RNN is essentially repeating ANN designed to handle sequential data in which data is fed one at a time and the output of one serves as input to the next input in the sequence.

## Why RNN?

RNNs are required because basic Artificial Neural Networks:
- cannot handle sequential data
- considers only current input
- cannot memorize previous inputs

## Types of RNN

- Single Layer Unidirectional RNN
- Single Layer Bidirectional RNN
- Multiple Layer Unidirectional RNN
- Multiple Layer Bidirectional RNN

## Data Ingestion

In [1]:
import torch
import numpy as np
import pandas as pd
import torch.nn as nn
from torch import LongTensor
from torch.autograd import Variable

In [2]:
data = ['Recurrent', 'Neural', 'Network']   # Dummy data of batch_size = 3

## Create Vocabulary

In [3]:
vocab = [''] + sorted(set([char for seq in data for char in seq]))
vocab2idx = [[vocab.index(token) for token in seq] for seq in data]
print('Vocabulary:', vocab)
print('Vocabulary Index:', vocab2idx)

Vocabulary: ['', 'N', 'R', 'a', 'c', 'e', 'k', 'l', 'n', 'o', 'r', 't', 'u', 'w']
Vocabulary Index: [[2, 5, 4, 12, 10, 10, 5, 8, 11], [1, 5, 12, 10, 3, 7], [1, 5, 11, 13, 9, 10, 6]]


## Padding

In [4]:
seq_lengths = LongTensor([len(seq) for seq in vocab2idx])
sequence_tensor = Variable(torch.zeros(len(vocab2idx), seq_lengths.max(), dtype=torch.long))
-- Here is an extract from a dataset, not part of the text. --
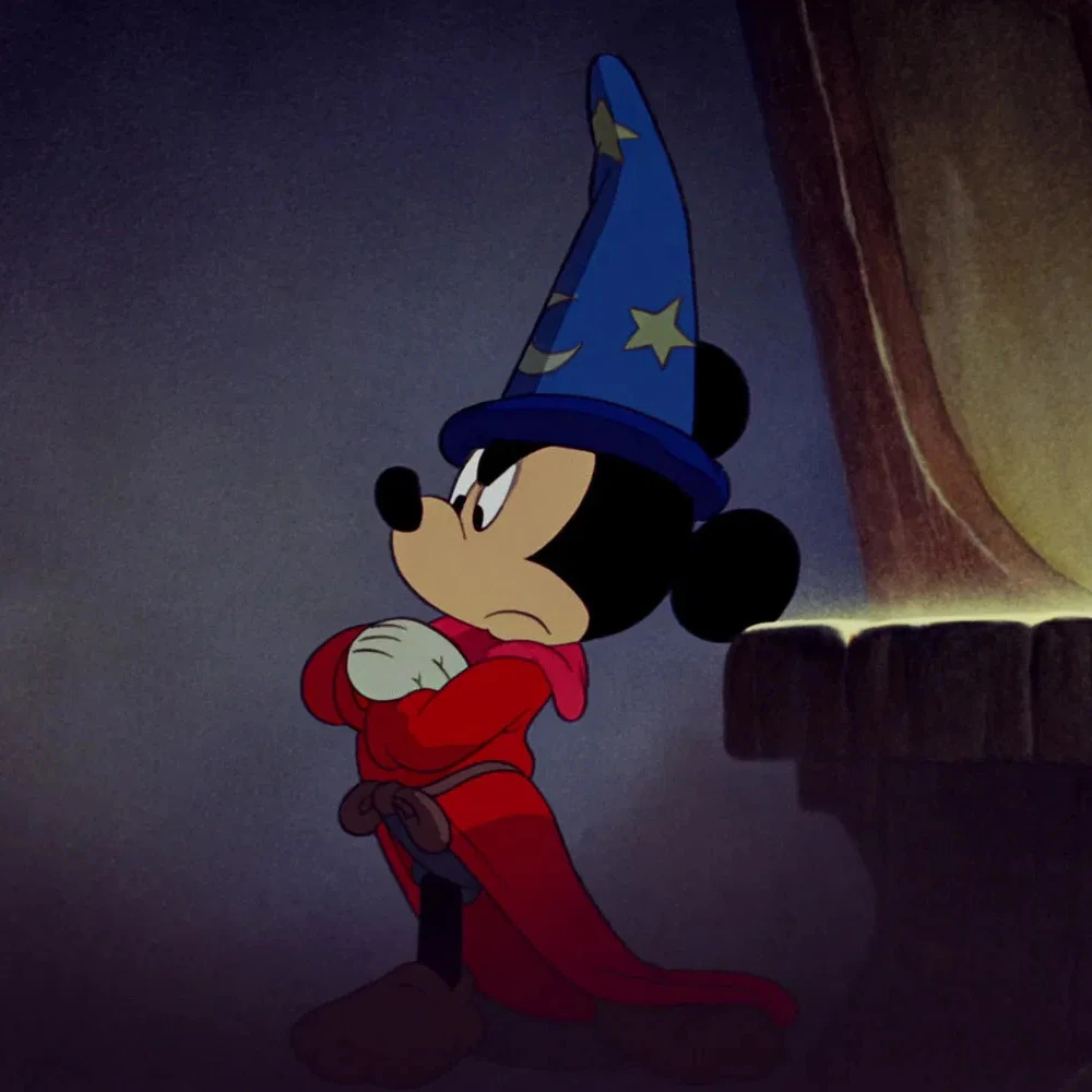 L'Apprenti apparaît dans la troisième séquence animée du long-métrage, qui reprend la symphonie de Paul Dukas, interprétant l'élève d'un sorcier, ayant alors pour tâche de transporter l'eau du puits. Fatigué, il admire les prouesses et facultés magiques de son maître qui réussit à modeler dans l'air un gigantesque papillon lumineux et coloré. Le sorcier allant se coucher, et ayant au préalable laissé son chapeau magique sur la table, l'Apprenti en profite pour le lui emprunter à son insu. Avec, il anime un balais, lui créant des bras, et fait en sorte qu'il transporte lui-même l'eau du puits. Le balais s'acquittant de sa tâche, l'apprenti sorcier en profite pour faire un somme sur le siège de son maître, et rêve qu'il est au dessus d'une falaise et est capable de contrôler les divers phénomène naturels, provoquant un orage et commandant les vagues. À son réveil, l'élève retrouve les lieux inondés, le balais effectuant son travail mécaniquement, et ne pouvant en conséquence s'arrêter. Voyant que la magie n'opère plus sur les agissements du balai, l'Apprenti décide d'y mettre un terme par la force en le détruisant avec une hache. Las, il est vite rattrapé par les événements lorsque les morceaux éparpillés prennent vie et créent une multitude d'autres balais qui s'empressent de transporter l'eau du puits. Faisant alors face à un véritable raz-de-marée, L'Apprenti trouve refuge sur un grimoire, cherchant par la même occasion une manière de stopper la catastrophe, jusqu'à être finalement pris dans un maelström. Le magicien arrivant sur les lieux rompt le désastre en balayant l'eau avec des gestes de bras. L'Apprenti sauvé, il rend son chapeau et le balais à son maître, lui souriant pour atténuer sa colère, et reprend les sceaux pour retourner à son travail, le sorcier le frappant avec son balai.

for idx, (seq, seq_len) in enumerate(zip(vocab2idx, seq_lengths)):
    sequence_tensor[idx, :seq_len] = LongTensor(seq)

print(sequence_tensor)

# convert the input into time major format (Transpose)
sequence_tensor = sequence_tensor.t()    # Shape: (max_len, batch_size)
print(sequence_tensor)

tensor([[ 2,  5,  4, 12, 10, 10,  5,  8, 11],
        [ 1,  5, 12, 10,  3,  7,  0,  0,  0],
        [ 1,  5, 11, 13,  9, 10,  6,  0,  0]])
tensor([[ 2,  1,  1],
        [ 5,  5,  5],
        [ 4, 12, 11],
        [12, 10, 13],
        [10,  3,  9],
        [10,  7, 10],
        [ 5,  0,  6],
        [ 8,  0,  0],
        [11,  0,  0]])


##  Model Implementation

Here we will define model classes inherited from pytorch's `nn.Module`. The `__init__()` method is used to instanciate each model classes while `forward()` method is used to define the model solution. The shape of different elements of `forward()` module are listed below:

- *input* Shape: (max_len, batch_size)
- *embed* Shape: (max_len, batch_size, embed_dim)
- *hidden* Shape:
    - Single Layer Unidirectional: (1, batch_size, hidden_size)
    - Single Layer Bidirectional: (2, batch_size, hidden_size)
    - Multiple Layer Unidirectional: (num_layers, batch_size, hidden_size)
    - Multiple Layer Bidirectional: (num_layers * 2, batch_size, hidden_size)
- *output* Shape: 
    - Unidirectional: (max_len, batch_size, hidden_size)
    - Bidirectional: (max_len, batch_size, hidden_size * 2)

In [5]:
input_dim = len(vocab)
hidden_dim = 5
embed_dim = 5

In [6]:
class RNNModel(nn.Module):
    def __init__(self, input_dim, embedding_dim, hidden_dim, n_layers, bidirectional):
        super().__init__()
        self.embedding = nn.Embedding(input_dim, embedding_dim)
        self.rnn = nn.RNN(embedding_dim, hidden_dim, num_layers=n_layers, bidirectional=bidirectional)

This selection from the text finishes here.